Exhibit 99.5
SERVICES AGREEMENT
This SERVICES AGREEMENT (this “Agreement”), dated as of July 30, 2020 (the “Effective Date”), is by and between PARTY CITY HOLDINGS INC., a Delaware Corporation (“Service Provider”), and ANAGRAM INTERNATIONAL, INC., a Minnesota corporation (“Service Recipient” or “Anagram”). Service Provider and Service Recipient are sometimes referred to herein individually as a “Party,” and collectively as the “Parties.”
RECITAL
WHEREAS, the Parties desire that certain services be provided as set forth herein.
NOW, THEREFORE, in consideration of the promises and the mutual agreements and covenants hereinafter set forth, and intending to be legally bound, the Parties hereby agree as follows:
SECTION 1. Definitions. For purposes of this Agreement, the following terms shall have the following meanings:
“Bulk Service Rate” shall have the meaning set forth on Schedule A hereto.

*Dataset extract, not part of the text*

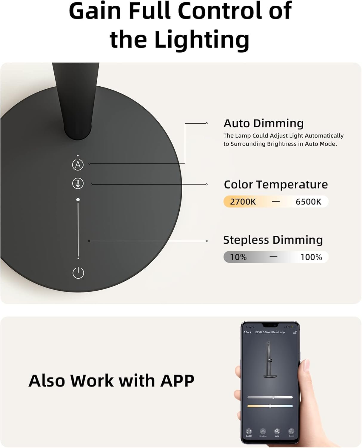 Lámpara de escritorio inteligente EZVALO con control por APP

“Confidential Information” shall mean each Party’s business, technical, engineering, manufacturing, marketing, sales, customer, financial and other information relating to such Party or any of its affiliates or their respective businesses that constitutes trade secrets or know-how or is otherwise proprietary or not generally known to the public or other information which the disclosing Party or any of its affiliates or representatives otherwise informs the receiving Party or any of its affiliates or representatives (each, a “Receiving Party” and, collectively, the “Receiving Parties”) is confidential, whether by so indicating on such information or otherwise, and shall include any such information received by or on behalf of a Receiving Party prior to or following the execution of this Agreement. Confidential Information shall include information in any form, whether written, graphic, electronic, physical or other form and may include raw data, graphs, charts, drawings, models, samples, hardware, photographs, software or electronic code. Confidential Information shall not include information, data, knowledge and know-how that, as shown by written records, (i) is known to the Receiving Parties prior to disclosure to such Receiving Parties, (ii) is in the public domain prior to disclosure to such Receiving Parties, (iii) enters the public domain through no violation of this Agreement after disclosure to such Receiving Parties, or (iv) the Receiving Parties independently develop without reliance on Confidential Information.
“Person” means an individual, natural person, corporation, partnership, joint venture, association, joint-stock company, limited liability company, limited liability partnership, trust, unincorporated organization, government (or any agency or political subdivision thereof) or any other entity.